* **Task brief**:
Everything from the line containing "Клемма соединительная Wago" to the last line of the material below must be retyped exactly, both ends included; skip the pictures.

Exercise data Start Marker

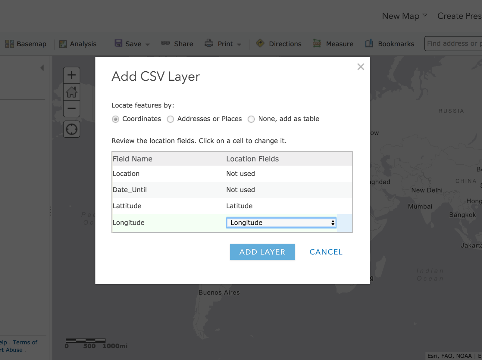 Now, you need to specify which fields in your spreadsheet are the lat/long coordinates. In the new window, make sure the “Locate features by” prompt is set to “Coordinates.” Below it, you will see a list of all the columns from your spreadsheet. Click the text that is directly to the right of “Latitude” (or whatever you named the latitude column), and you should see a dropdown list. Select “Latitude.” Do the same for “Longitude.” Click “Add Layer.”
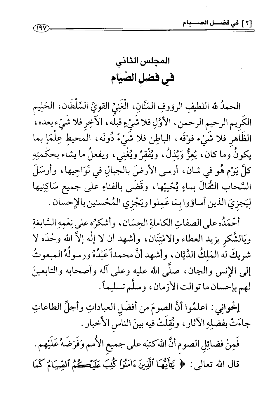 إخواني: اعلموا أن الصوم من أفضل العبادات وأَجَلِّ الطاعات , جاءت بفضله الآثار , ونقلت فيه بين الناس الأخبار.
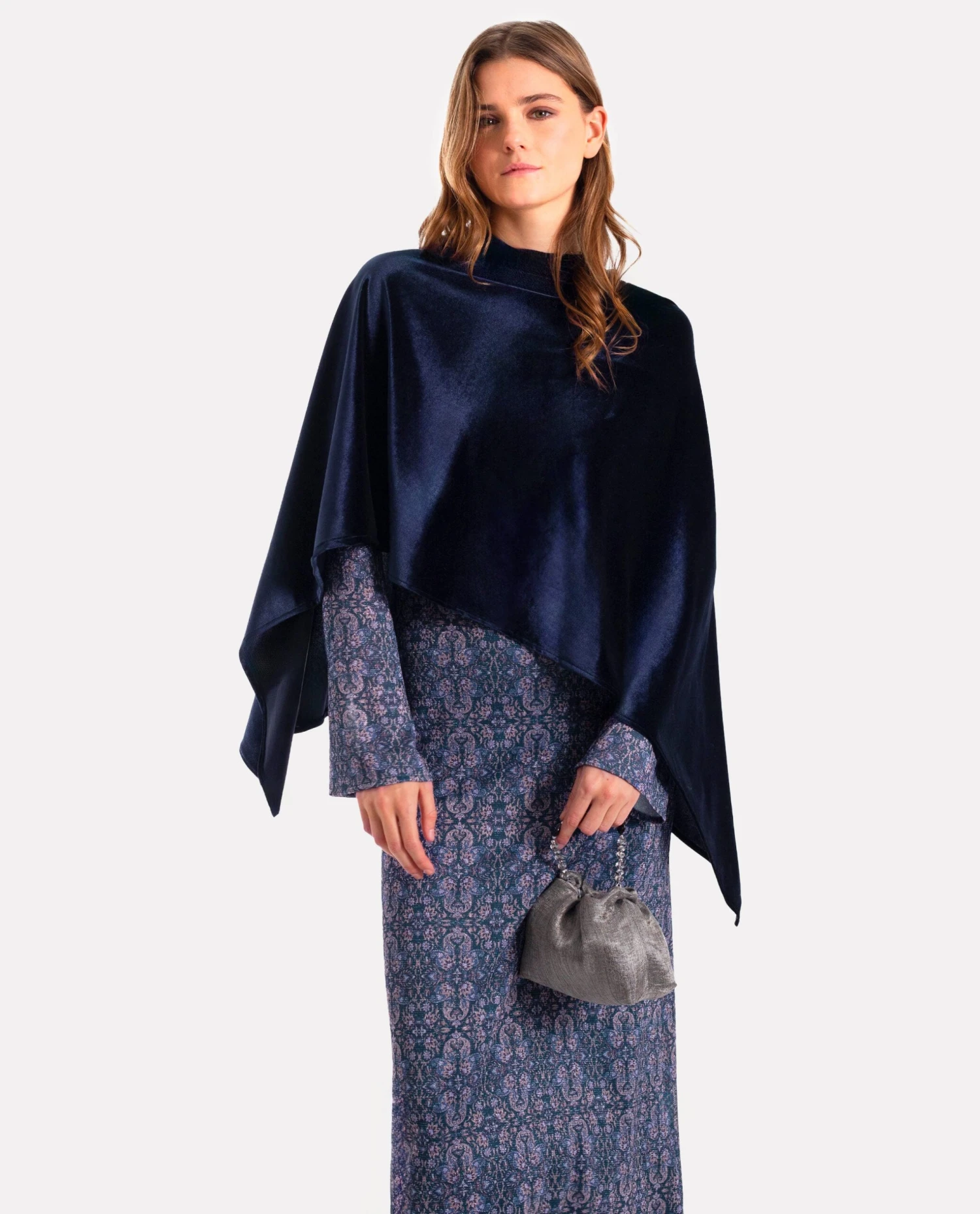Capa de terciopelo azul marino de invitada.[readmore]Uno de los complementos más buscados por los las invitadas de otoño-invierno. Esta capa de invitada aterciopelada, muy agradable al tacto, está unida y es el complemento perfecto para elevar tus looks más elegantes. Es muy agradable al texto y el color burdeos además de ser muy favorecedor, esta temporada es todo un must have.
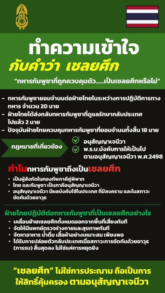 ” ทหารกัมพูชาที่ถูกควบคุมตัว เป็นเชลยศึกหรือไม่ “
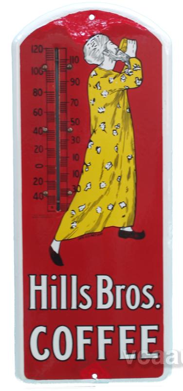 "Hills Bros. Coffee" Porcelain Sign w/ Thermometer, has some touch-up - 9" x 21"
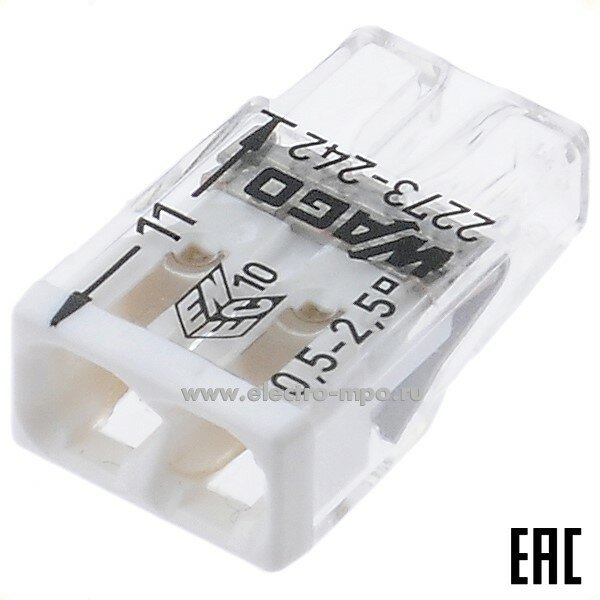 Клемма соединительная Wago 2273-242 2-х проводная с пастой 0.5-2.5 мм 20 шт.
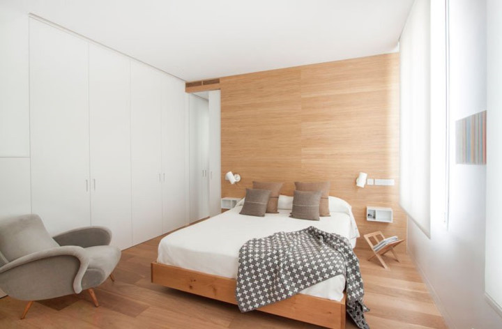 Đây là phòng ngủ chính. Nằm đối diện với cửa sổ là một bức tường tủ trắng. Do màu sắc của nó, chiếc tủ này gần như hoà trộn vào các bức tường xung quanh.
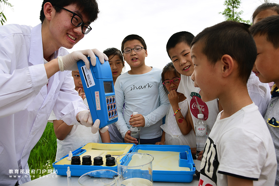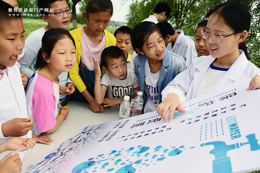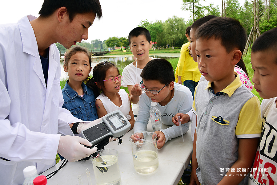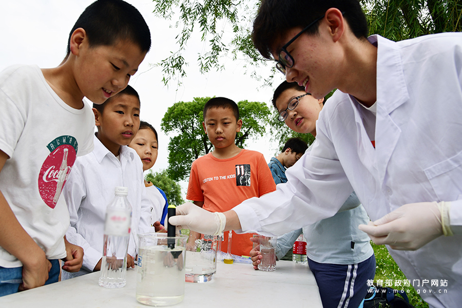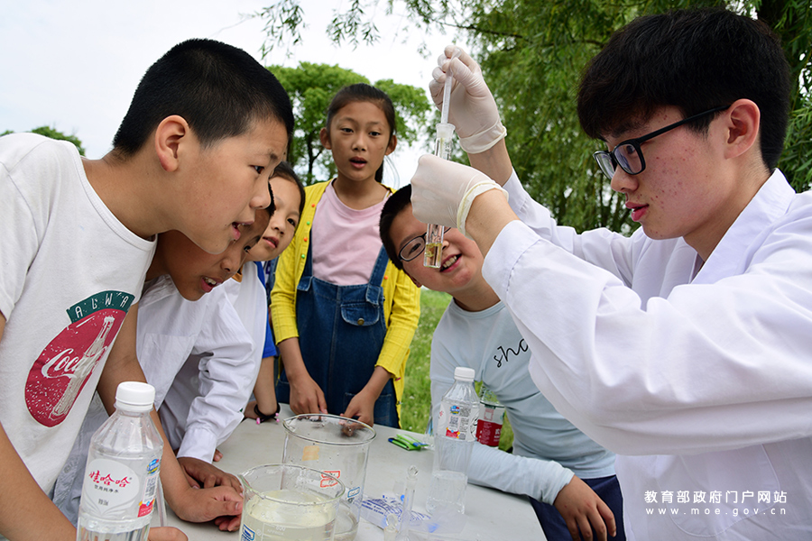 1/0江蘇科技大學(xué)志愿者在為小朋友演示對(duì)比不同水樣的濁度。2018年6月3日,江蘇科技大學(xué)志愿者與鎮(zhèn)江市和平路街道征潤(rùn)州社區(qū)的小朋友一起來到金山湖水源地,開展“保護(hù)水資源 環(huán)保伴我行”活動(dòng),通過對(duì)湖水、純凈水等不同水樣的測(cè)試與環(huán)保知識(shí)宣講,增強(qiáng)孩子們對(duì)水資源的節(jié)約和環(huán)保意識(shí),迎接6月5日世界環(huán)境日的到來。(石玉成 喻永光/攝)

Exercise data End Marker

* **Result below**:
 Клемма соединительная Wago 2273-242 2-х проводная с пастой 0.5-2.5 мм 20 шт.
 Đây là phòng ngủ chính. Nằm đối diện với cửa sổ là một bức tường tủ trắng. Do màu sắc của nó, chiếc tủ này gần như hoà trộn vào các bức tường xung quanh.
 1/0江蘇科技大學(xué)志愿者在為小朋友演示對(duì)比不同水樣的濁度。2018年6月3日,江蘇科技大學(xué)志愿者與鎮(zhèn)江市和平路街道征潤(rùn)州社區(qū)的小朋友一起來到金山湖水源地,開展“保護(hù)水資源 環(huán)保伴我行”活動(dòng),通過對(duì)湖水、純凈水等不同水樣的測(cè)試與環(huán)保知識(shí)宣講,增強(qiáng)孩子們對(duì)水資源的節(jié)約和環(huán)保意識(shí),迎接6月5日世界環(huán)境日的到來。(石玉成 喻永光/攝)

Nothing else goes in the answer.